M. Richard Maxson
No one of our founding fathers have been more associated with Christmas than George Washington. What is remembered most is his leading his troops across the Delaware river in our country's first major military maneuver to outflank and surprise the enemy, but there are other Christmases that he remembered as he lived and it caused an extreme fondness for the holiday. His most vivid memories of Christmas are these:
- When young George was 8 years old in 1740,
his home caught fire on Christmas Eve.
- As a soldier in the British army,
Washington spent Christmas Eve of 1753 in a remote outpost known as
Murdering Town getting in a skirmish with local Indians, followed by
a gift-giving trip to a local “Indian Queen.”
- Always a wealthy man, Washington was
known to splurge on diversions for his family and guests.
Once, during the war, he shelled out the cash to hire a band on
Christmas Day.
- “The great Christmas night raid in 1776
would forever serve as a model of how a special operation – or a
conventional mission, for that matter – might be successfully
conducted. No special mission by America’s first army has
been more heralded than that which took place on Christmas night
exactly 240 years ago. Speed of movement, surprise, maneuver,
violence of action, and the plan’s simplicity were all key. And
fortunately, the elements all came together.The fighting lasted
about an hour. Four Americans had been killed and ten-times as many
Hessians lay dead in the snow. Some 900 enemy prisoners were rounded
up, along with weapons, ammunition, and other desperately needed
stores.
Washington held his little army together. Many of the continentals renewed their enlistments. They then capitalized on their Trenton victory with wins over the British at Trenton (the second go ‘round) on January 2, and Princeton on January 3.
- But George Washington’s best
Christmas was in 1783. Precisely 230 years ago today, he rode up to
Mount Vernon to celebrate his first holiday at home after eight
years of revolution. He had resigned his commission just days
before and was determined to surprise his family with his presence.
They, in turn, surprised him with a feast that would almost make
King George III feel at home. His wife, Martha, hoped that “from
this moment [they] would grow old together, in solitude and
tranquility.” That Christmas wish was not to be as the new
Republic was to call on him again very soon.

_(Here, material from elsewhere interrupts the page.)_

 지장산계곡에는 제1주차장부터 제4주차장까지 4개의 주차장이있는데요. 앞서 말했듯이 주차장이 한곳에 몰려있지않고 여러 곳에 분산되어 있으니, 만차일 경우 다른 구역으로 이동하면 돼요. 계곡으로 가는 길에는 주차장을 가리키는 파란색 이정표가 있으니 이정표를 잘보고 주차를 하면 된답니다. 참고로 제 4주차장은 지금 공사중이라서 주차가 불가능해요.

Christmas in the young Republic was a different affair than we celebrate today. There was no Santa Claus and no Christmas tree—a custom brought later by German immigrants. Gift-giving was not the focus—instead it was all about the family feast—a time to socialize and give faith-filled thanks for the year ending and the new one about to begin.

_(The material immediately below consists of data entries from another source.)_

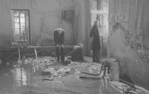 Если в «Зеркале» главное противопоставление было временны́м (то есть между сейчас и тогда), то в «Сталкере» оно пространственное — между Зоной и миром за ее пределами. Начинается фильм как раз в этом мире, и он достаточно быстро заявляет о том, что это за среда — как визуально, так и по звуку.
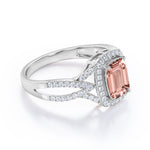 Split Shank 1.50 Carat Emerald Cut Morganite and Diamond Engagement Ring in White Gold
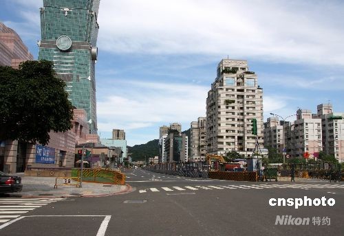 8月28日下午二時半至三時,臺北市舉行“萬安演習(xí)”,車輛行人凈空。圖為原本車輛和行人繁忙的世貿(mào)中心大街一帶道路上空無一人。中新社發(fā) 陳立宇 攝

Christmas Day was primarily a religious holiday, though Washington was at best an occasional churchgoer, despite concerted efforts by subsequent evangelists to literally paint him as far more devout than he was in life.

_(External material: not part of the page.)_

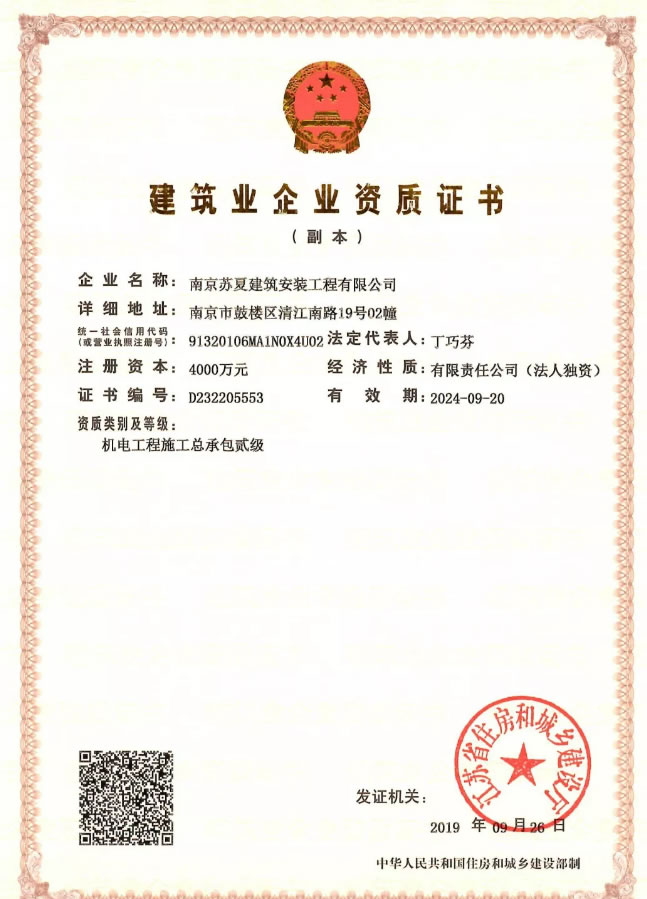江苏苏夏能源集团下属子公司南京苏夏建筑安装工程有限公司于国庆前夕顺利取得了机电工程总承包二级资质证书,未来将依托江苏苏夏能源集团母公司“长输低能耗热网”专利技术,快速发展,力争成为中国节能减排热网工程建设排头兵!

The Christmas season lasted more than a week and it was a time of celebration and general inebriation. Washington gave his servants—and, yes, slaves—four days off to mark the holiday in broad Mount Vernon-wide celebration. One of the largest distillers in the colonies, Washington supplied a gallon of whiskey as a modest gift even to his slaves and overcame his aversion to intoxication (which he once sonorously described as ‘sacrificing their reason to Bacchus’) to allow one valued employee four days of Christmas drunkenness, as enumerated in his contract.
- In the winter of 1787, a surreal
travelling salesman of sorts brought an Arabian camel up to Mount
Vernon for the equivalent of $77 today to entertain and educate the
extended Washington family.
- Overspending during the holidays is not a
modern problem as the Christmas of 1788 found Washington writing his
business partner, “I have never before felt the want of cash so
severely as at present.” So if you’re assessing your own
post-holiday finances with some anxiety, you can take comfort that
Washington, however briefly, would have been able to relate.
- In 1797, with less than two years left
in his life, he wrote a note to the husband of Martha’s
granddaughter which has served as a Christmas staple from that day forward. A wish from the
original founding father: “We remain in Statu quo and all unite in
offering you, & yours, the compliments of the season, and the
return of many, many more, and happy ones.”